Profluent successfully combined large language models (LLMs) and CRISPR for an open-source AI gene editing project which could reshape CRISPR treatment options.

Profluent is an AI-first protein design company founded in 2022. Their research aims to develop deep generative models to design and validate novel, functional proteins to transform biomedicine. According to the company's recent press release, Profluent debuted its OpenCRISPR initiative, releasing the world's first open-source, AI-generated gene editor.

CRISPR/Cas9 is a tool that uses guide RNA (gRNA) and a Cas9 enzyme to edit parts of the genome. The Cas9 enzyme cuts two strands of DNA at a specific location. The gRNA finds and binds to a specific sequence in the DNA. The Cas9 enzyme then follows the gRNA to the same location in the DNA sequence where it cuts both strands of DNA.

OpenCRISPR-1 is an AI-created gene editor consisting of a Cas9-like protein and guide RNA, developed using Profluent's LLMs. The Profluent team created a database of 5.1 million Cas9-like proteins and the AI model was trained on this database to create potential proteins for CRISPR use.

The LLM was able to create novel gene editors from scratch by learning from examples found in nature. After analysing the results, the scientists selected OpenCRISPR-1. This protein displayed similar characteristics to Cas9 but with significantly less impact on off-target sites. 

OpenCRISPR-1 demonstrated a 95% reduction in editing at specific off-target sites with a median rate of unwanted genetic insertions and deletions of less than 1%. This gives OpenCRISPR-1 an edge in terms of its precision, and it causes minimal damage to DNA.

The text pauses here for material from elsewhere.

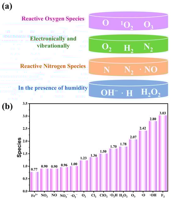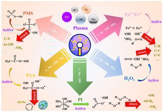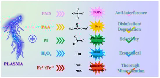 In this context, plasma technology has surfaced as a formidable and versatile advanced oxidation platform [6]. As a partially ionized gas, plasma serves as a rich source of diverse reactive species, including high-energy electrons, ions, excited atoms/molecules, radicals (e.g., ·OH, ·H), and molecular agents (e.g., H2O2, O3) [7,8,9]. Upon interaction with aqueous solutions, these plasma-generated species initiate a complex suite of physiochemical processes directly in the liquid phase or at the gas–liquid interface, enabling the direct degradation of a wide spectrum of organic pollutants [10]. Unlike conventional single-mode activation methods, plasma provides a unique multi-component ‘reactive species library’ and an energetic field, establishing a versatile foundation for water decontamination [11]. Despite these advantages, the practical application of plasma-alone systems is hampered by inherent limitations, such as relatively low energy efficiency, where a significant portion of electrical energy is dissipated as heat, and poor reaction selectivity, which can lead to incomplete mineralization and the formation of toxic by-products [12]. These bottlenecks underscore the need to enhance the efficacy and sustainability of plasma-based water treatment.
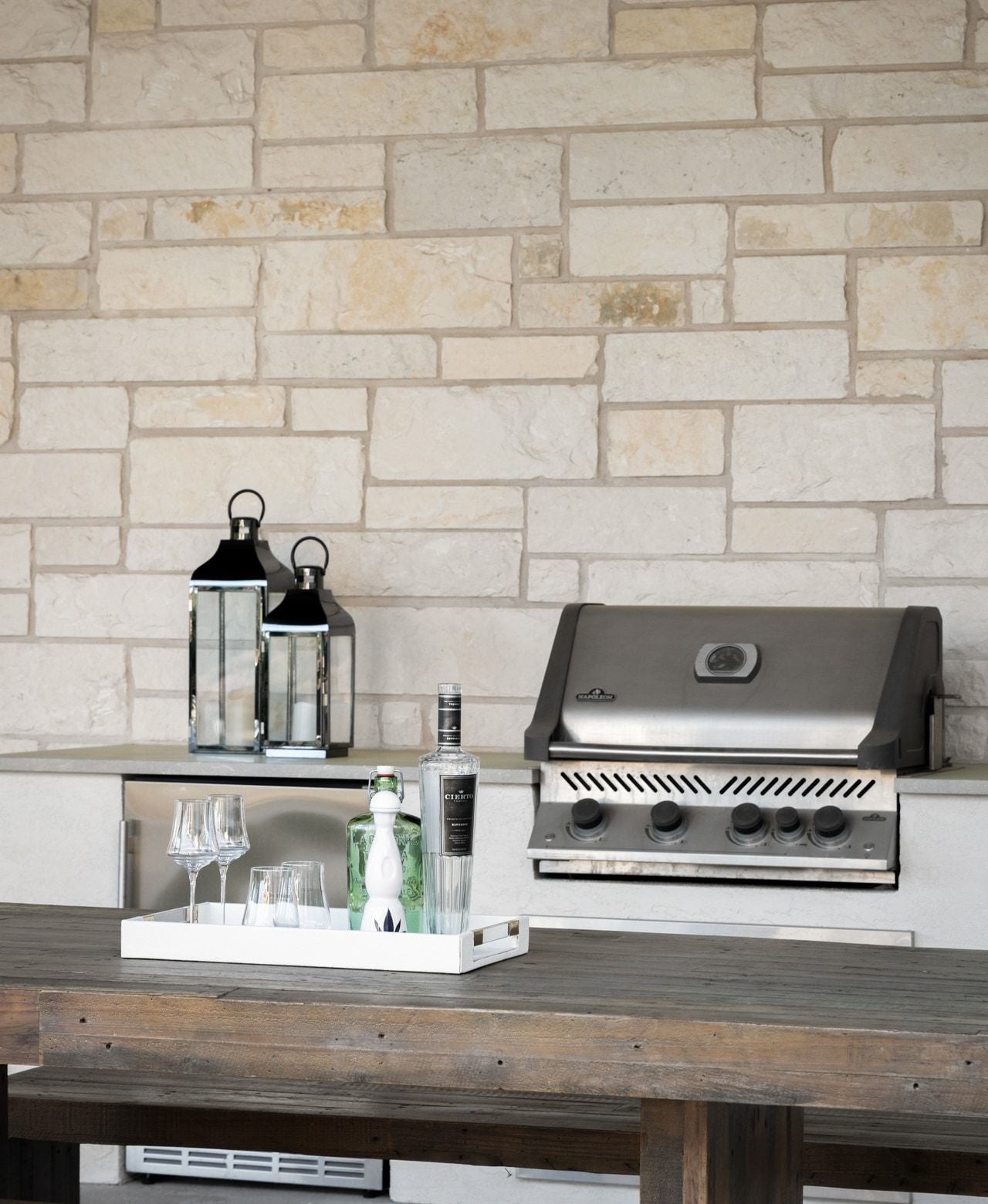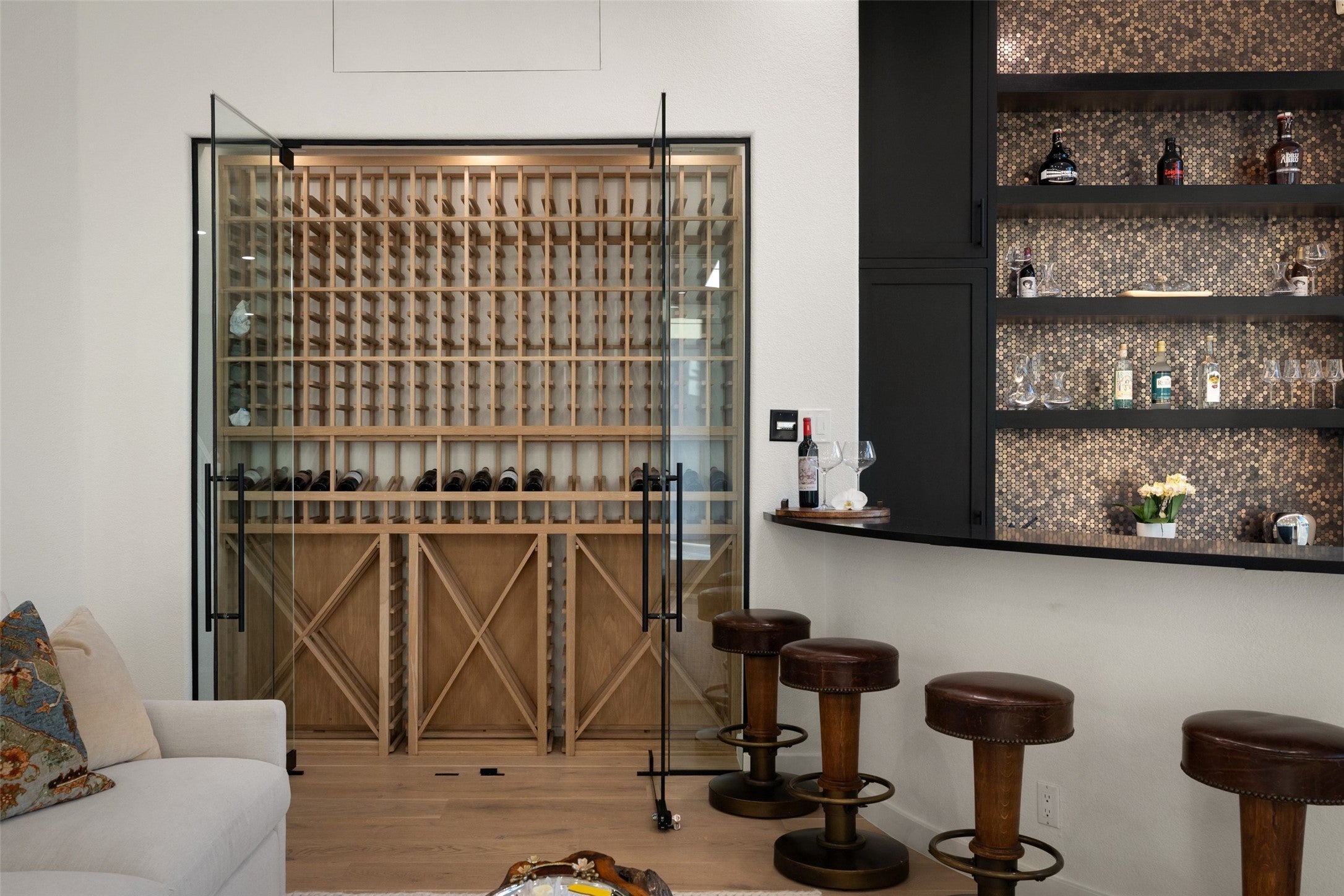 - Built-In Gas Range, Bar Fridge, Built-In Refrigerator, Dishwasher, Disposal, Microwave, Stainless Steel Appliance(s), Wine Refrigerator

Unlike other gene editing techniques like CRISPR-Cas9, the molecules the open-source editor designs are fully synthetic and do not exist in nature. Therefore, this opens up new avenues for developing CRISPR medicines.

Ali Madani, Co-founder and CEO of Profluent summed up his company's mission: "Our vision is to move biology from being constrained by what can be achieved in nature to being able to use AI to design new medicines precisely according to our needs."

Madani has continuously advocated for the ethical use of AI. By making OpenCRISPR free to use, he hopes to show his commitment to democratizing gene editing tools and the importance of promoting inclusivity within the life sciences sector and beyond.

Overall, this innovative tool shows great promise and could have wide implications for gene editing technologies. It could lead to an increase in the availability of CRISPR medicines for a wider range of diseases including rare genetic disorders with high unmet needs. This application contributes to the main challenges facing the cell and gene therapy (CGT) field: greater access and reduced costs for gene editing therapies.